◆ **Problem to solve**:
If an entry holds a picture, drop the picture and restate the rest word for word.

◆ **Entries shown**:
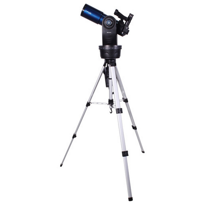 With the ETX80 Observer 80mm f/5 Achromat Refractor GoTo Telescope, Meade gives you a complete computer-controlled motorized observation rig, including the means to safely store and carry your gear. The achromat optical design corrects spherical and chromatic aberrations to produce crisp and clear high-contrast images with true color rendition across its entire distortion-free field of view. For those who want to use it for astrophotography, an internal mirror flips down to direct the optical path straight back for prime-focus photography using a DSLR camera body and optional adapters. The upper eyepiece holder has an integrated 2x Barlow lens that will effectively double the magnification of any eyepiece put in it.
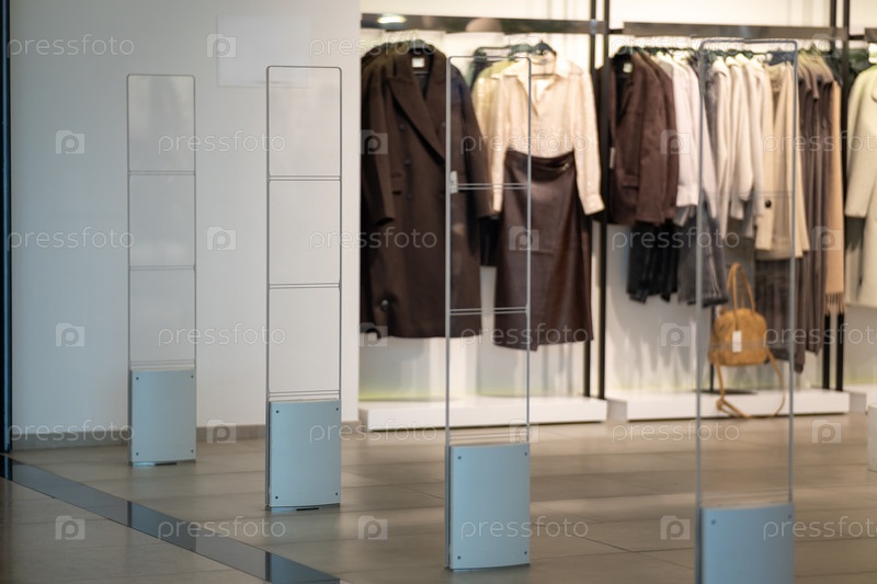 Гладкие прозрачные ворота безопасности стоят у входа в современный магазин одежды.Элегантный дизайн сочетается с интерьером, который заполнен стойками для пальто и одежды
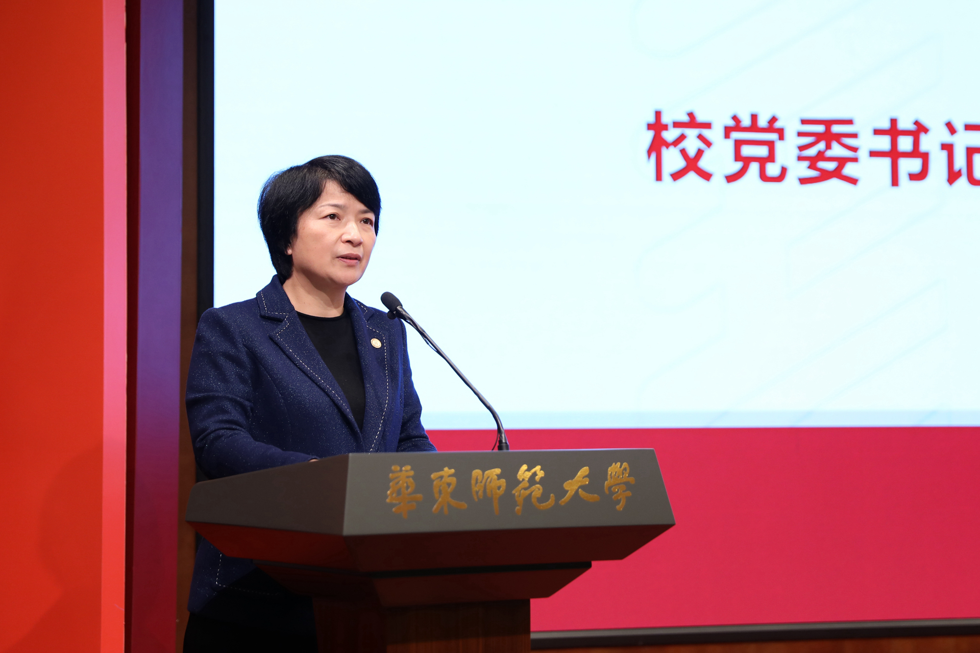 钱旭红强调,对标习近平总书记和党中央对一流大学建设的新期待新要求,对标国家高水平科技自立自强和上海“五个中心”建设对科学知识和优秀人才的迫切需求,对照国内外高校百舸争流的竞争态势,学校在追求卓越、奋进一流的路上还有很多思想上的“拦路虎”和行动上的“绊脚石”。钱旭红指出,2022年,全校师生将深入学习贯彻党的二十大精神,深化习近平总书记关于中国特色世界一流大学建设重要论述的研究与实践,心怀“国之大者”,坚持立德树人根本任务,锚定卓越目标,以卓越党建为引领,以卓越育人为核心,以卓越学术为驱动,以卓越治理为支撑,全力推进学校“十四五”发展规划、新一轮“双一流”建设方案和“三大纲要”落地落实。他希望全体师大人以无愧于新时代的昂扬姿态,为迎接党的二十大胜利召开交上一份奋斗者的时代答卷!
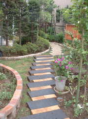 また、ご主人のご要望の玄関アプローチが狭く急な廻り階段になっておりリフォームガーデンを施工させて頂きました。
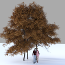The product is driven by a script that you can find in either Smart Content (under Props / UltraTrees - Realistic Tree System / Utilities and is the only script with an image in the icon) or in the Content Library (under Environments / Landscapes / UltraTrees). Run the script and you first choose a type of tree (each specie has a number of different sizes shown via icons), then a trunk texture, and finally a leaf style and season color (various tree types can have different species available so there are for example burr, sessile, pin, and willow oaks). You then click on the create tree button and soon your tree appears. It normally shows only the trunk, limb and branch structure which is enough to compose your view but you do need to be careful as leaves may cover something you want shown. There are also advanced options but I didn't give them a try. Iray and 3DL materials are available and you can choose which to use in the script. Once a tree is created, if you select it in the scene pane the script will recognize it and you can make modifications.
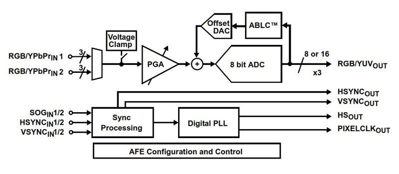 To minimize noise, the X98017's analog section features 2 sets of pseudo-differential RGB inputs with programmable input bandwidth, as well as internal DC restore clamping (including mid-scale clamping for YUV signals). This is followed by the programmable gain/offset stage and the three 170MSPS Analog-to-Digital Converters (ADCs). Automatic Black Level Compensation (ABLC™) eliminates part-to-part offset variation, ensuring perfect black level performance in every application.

◆ **Written response**:
 With the ETX80 Observer 80mm f/5 Achromat Refractor GoTo Telescope, Meade gives you a complete computer-controlled motorized observation rig, including the means to safely store and carry your gear. The achromat optical design corrects spherical and chromatic aberrations to produce crisp and clear high-contrast images with true color rendition across its entire distortion-free field of view. For those who want to use it for astrophotography, an internal mirror flips down to direct the optical path straight back for prime-focus photography using a DSLR camera body and optional adapters. The upper eyepiece holder has an integrated 2x Barlow lens that will effectively double the magnification of any eyepiece put in it.
 Гладкие прозрачные ворота безопасности стоят у входа в современный магазин одежды.Элегантный дизайн сочетается с интерьером, который заполнен стойками для пальто и одежды
 钱旭红强调,对标习近平总书记和党中央对一流大学建设的新期待新要求,对标国家高水平科技自立自强和上海“五个中心”建设对科学知识和优秀人才的迫切需求,对照国内外高校百舸争流的竞争态势,学校在追求卓越、奋进一流的路上还有很多思想上的“拦路虎”和行动上的“绊脚石”。钱旭红指出,2022年,全校师生将深入学习贯彻党的二十大精神,深化习近平总书记关于中国特色世界一流大学建设重要论述的研究与实践,心怀“国之大者”,坚持立德树人根本任务,锚定卓越目标,以卓越党建为引领,以卓越育人为核心,以卓越学术为驱动,以卓越治理为支撑,全力推进学校“十四五”发展规划、新一轮“双一流”建设方案和“三大纲要”落地落实。他希望全体师大人以无愧于新时代的昂扬姿态,为迎接党的二十大胜利召开交上一份奋斗者的时代答卷!
 また、ご主人のご要望の玄関アプローチが狭く急な廻り階段になっておりリフォームガーデンを施工させて頂きました。
The product is driven by a script that you can find in either Smart Content (under Props / UltraTrees - Realistic Tree System / Utilities and is the only script with an image in the icon) or in the Content Library (under Environments / Landscapes / UltraTrees). Run the script and you first choose a type of tree (each specie has a number of different sizes shown via icons), then a trunk texture, and finally a leaf style and season color (various tree types can have different species available so there are for example burr, sessile, pin, and willow oaks). You then click on the create tree button and soon your tree appears. It normally shows only the trunk, limb and branch structure which is enough to compose your view but you do need to be careful as leaves may cover something you want shown. There are also advanced options but I didn't give them a try. Iray and 3DL materials are available and you can choose which to use in the script. Once a tree is created, if you select it in the scene pane the script will recognize it and you can make modifications.
 To minimize noise, the X98017's analog section features 2 sets of pseudo-differential RGB inputs with programmable input bandwidth, as well as internal DC restore clamping (including mid-scale clamping for YUV signals). This is followed by the programmable gain/offset stage and the three 170MSPS Analog-to-Digital Converters (ADCs). Automatic Black Level Compensation (ABLC™) eliminates part-to-part offset variation, ensuring perfect black level performance in every application.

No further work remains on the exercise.